Hang out with the TAs from STA 199! This is a casual conversation and a fun opportunity to meet the members of the STA 199 teaching team. The only rule is these can’t turn into office hours!

Tea with a TA counts as a statistics experience.

  • Matty Pahren, October 2 1p - 2p
    • Click here to sign up. Zoom details will be emailed before the event.
  • Ezinne Nwankwo, October 8, 2:30p - 3:30p
    • Click here to sign up. Zoom details will be emailed before the event.

Zoom poll

Questions from video?

Comparing CLT- & simulation- based inference

What is similar, and what is different, between CLT based test of means vs. simulation based test?

CLT-based inference with Pokemon

library(tidyverse)
library(infer)

We will be using the pokemon dataset, which contains information about 45 randomly selected Pokemon (from all generations). You may load in the dataset with the following code:

pokemon <- read_csv("data/pokemon.csv")

Use the infer package to answer the following exercises.

Exercise 1

Construct and interpret a 95% confidence interval for the mean height in meters (height_m) of Pokemon species by using the Central Limit Theorem.

Exercise 2

The average height of a human is 1.65 meters. Evaluate whether a randomly selected Pokemon species has a different mean height by using the Central Limit Theorem.

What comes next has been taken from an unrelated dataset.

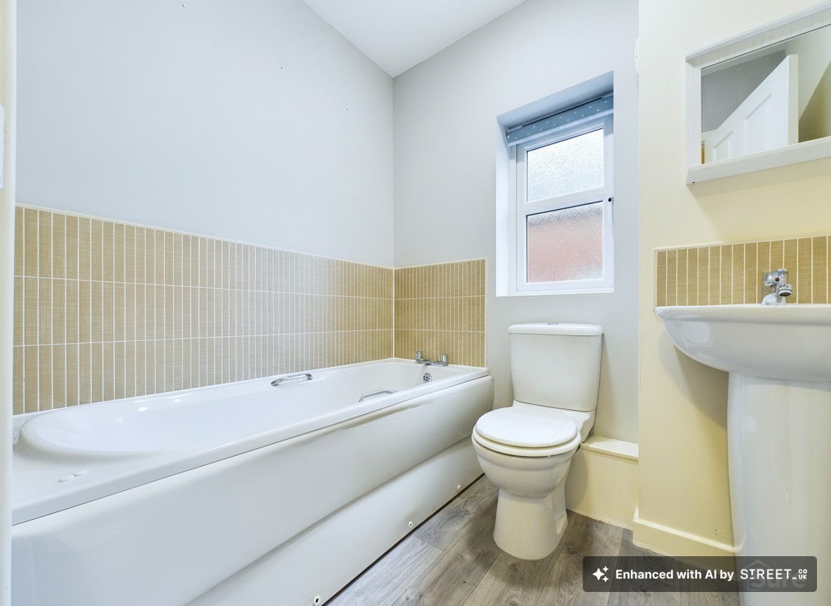 Window to rear. Having a three piece suite comprising of bath, pedestal wash hand basin and low level WC, radiator.

In doing so, state your null and alternative hypotheses, the distribution of your test statistic under the null hypothesis, your p-value, decision, and conclusion in context of the research problem.

Exercise 3

Now evaluate whether a randomly-selected Pokemon species has a lower mean height by using the Central Limit Theorem. In doing so, state your null and alternative hypotheses, the distribution of your test statistic under the null hypothesis, your p-value, decision, and conclusion in context of the research problem.

Exercise 4

Suppose the true mean height among Pokemon species is 1.4 meters. In your conclusions from Exercises 2 and 3, did you make the correct decision, a Type 1 error, or a Type 2 error? Explain.